(Records from a data source)
::::
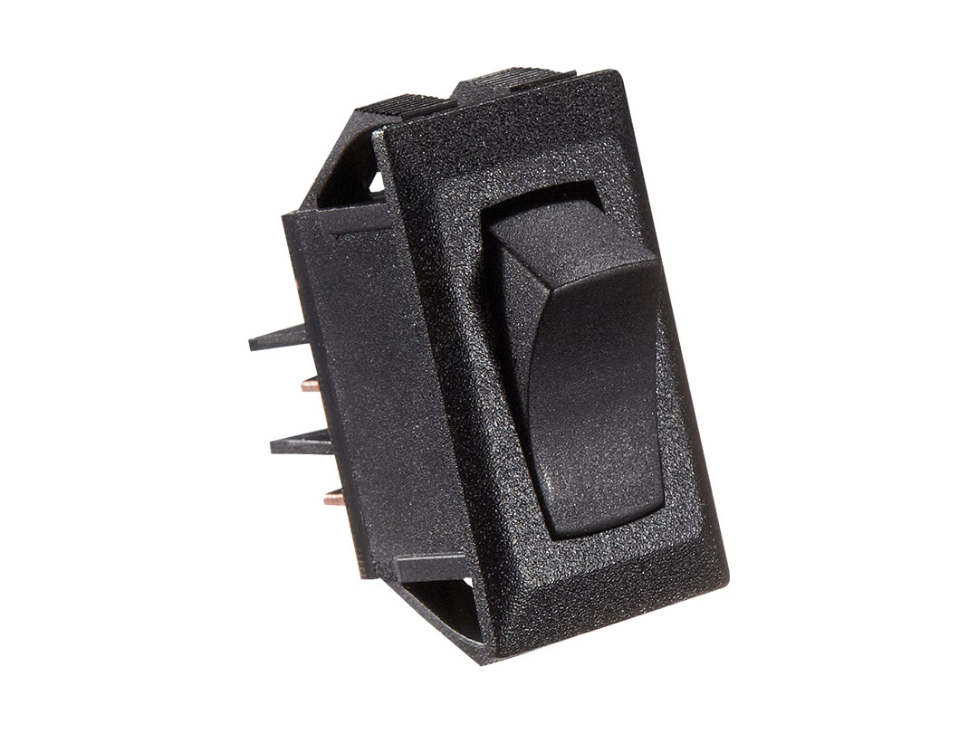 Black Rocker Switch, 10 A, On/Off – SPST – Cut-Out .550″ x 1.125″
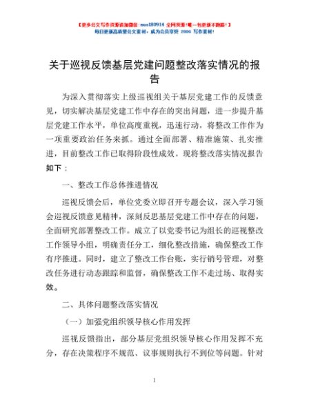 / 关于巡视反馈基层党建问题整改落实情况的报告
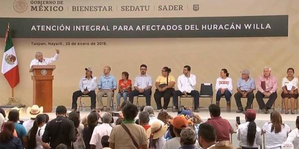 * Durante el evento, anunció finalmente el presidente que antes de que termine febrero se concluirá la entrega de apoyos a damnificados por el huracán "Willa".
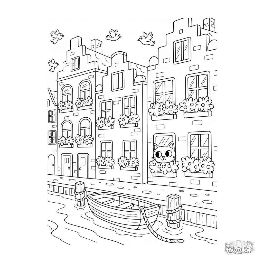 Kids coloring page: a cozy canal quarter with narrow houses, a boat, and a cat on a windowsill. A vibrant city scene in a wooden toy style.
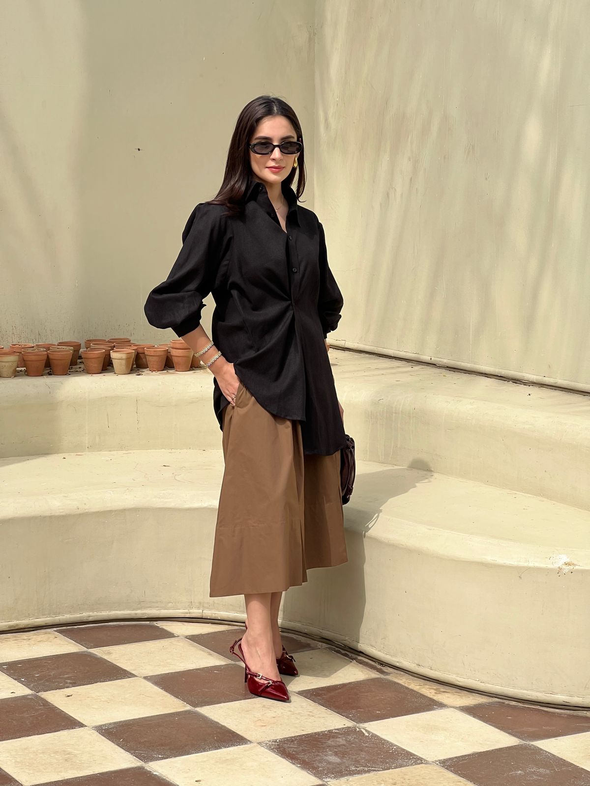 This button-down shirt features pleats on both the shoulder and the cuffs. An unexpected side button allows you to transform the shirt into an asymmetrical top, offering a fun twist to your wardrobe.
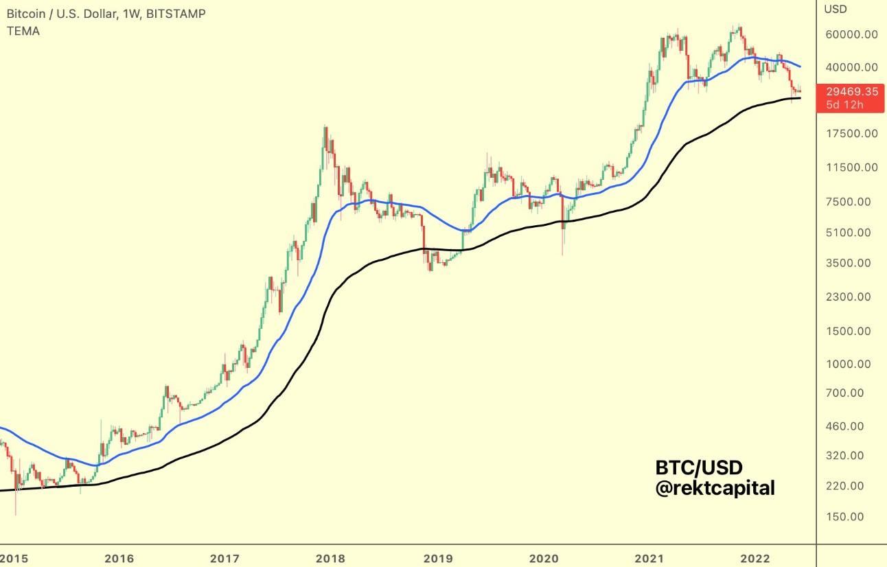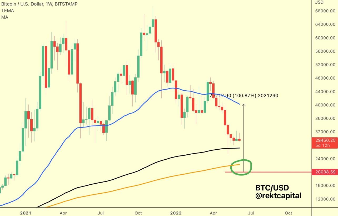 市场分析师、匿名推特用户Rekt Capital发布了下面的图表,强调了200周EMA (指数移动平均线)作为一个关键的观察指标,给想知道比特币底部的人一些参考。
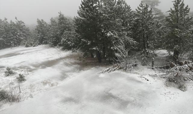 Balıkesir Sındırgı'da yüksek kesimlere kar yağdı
::::
#### Directions for this task
I would like the lines from the one with "Kids coloring page: a" through the last line of the data above retyped exactly, with pictures left out, please.

#### Solved problem
 Kids coloring page: a cozy canal quarter with narrow houses, a boat, and a cat on a windowsill. A vibrant city scene in a wooden toy style.
 This button-down shirt features pleats on both the shoulder and the cuffs. An unexpected side button allows you to transform the shirt into an asymmetrical top, offering a fun twist to your wardrobe.
 市场分析师、匿名推特用户Rekt Capital发布了下面的图表,强调了200周EMA (指数移动平均线)作为一个关键的观察指标,给想知道比特币底部的人一些参考。
 Balıkesir Sındırgı'da yüksek kesimlere kar yağdı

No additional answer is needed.